Get a Degree in Portland Old School

THOMAS LAUDERDALE is the ringleader of Pink Martini, Portland’s homegrown orchestra-turned-international phenomenon with devout followers from Los Angeles to Paris. But offstage, Lauderdale is Portland’s good-will ambassador, a galvanizing fundraiser, and a chief curator of Portland nostalgia, who salvages bits of forgotten local history for his weathered three-story loft, and dreams of building a better Portland. (He’s even pondered running for mayor.)


Mary’s Club: This is the oldest strip joint west of the Cascades, and a rite of passage in Portland urban life. “I take all my out-of-town friends here,” says Lauderdale, “especially the ones from New York.” Mary’s is family-owned with the down-home friendliness of a neighborhood bar. Onstage, dancers elevate burlesque performance with the precision of symphony musicians and the grace of ballerinas. It’s worth a trip just for the murals of sexy sailors (think Paul Cadmus) painted by La Monte Montyne. 129 SW Broadway; marysclub.com


Thomas Lauderdale takes in the sights at Mary’s Club.

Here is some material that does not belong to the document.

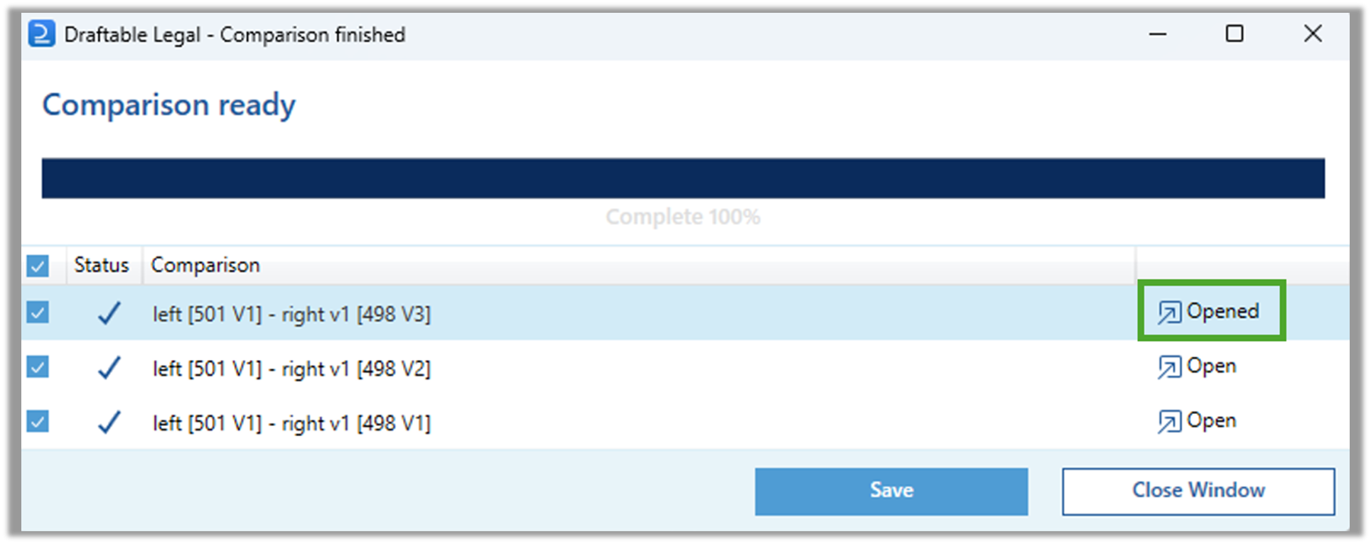 After a comparison has been opened, its status will appear in the Comparison finished window will change to **Opened.

Cameron’s Books and Magazines: Open since 1938, the crammed aisles here hold an incredible back stock of old magazines like Life and Playboy, as well as obscure books you never knew you wanted. 336 SW Third Ave; cameronsbooks.com

Darcelle XV: Four decades and an uncountable number of boas later, America’s longest-running drag bar still stands in Old Town. Everyone from politicians to homemakers has come through these doors to marvel at the lip-synching female impersonators and join the boisterous party, led by the bedazzling Darcelle (a.k.a. Walter Cole) and her choreo-grapher partner, Roxy LeRoy. 208 NW Third Ave; darcellexv.com

Retired Associates of PSU: Lauderdale’s tip to friends over 50: check out this informal social club with programming on all aspects of local life, from the arts to politics to social issues. Always welcoming new members (dues are $15 annually), the group meets in the Multicultural Room of Portland State University’s student union the first two Thursdays of most months at 12:30 p.m.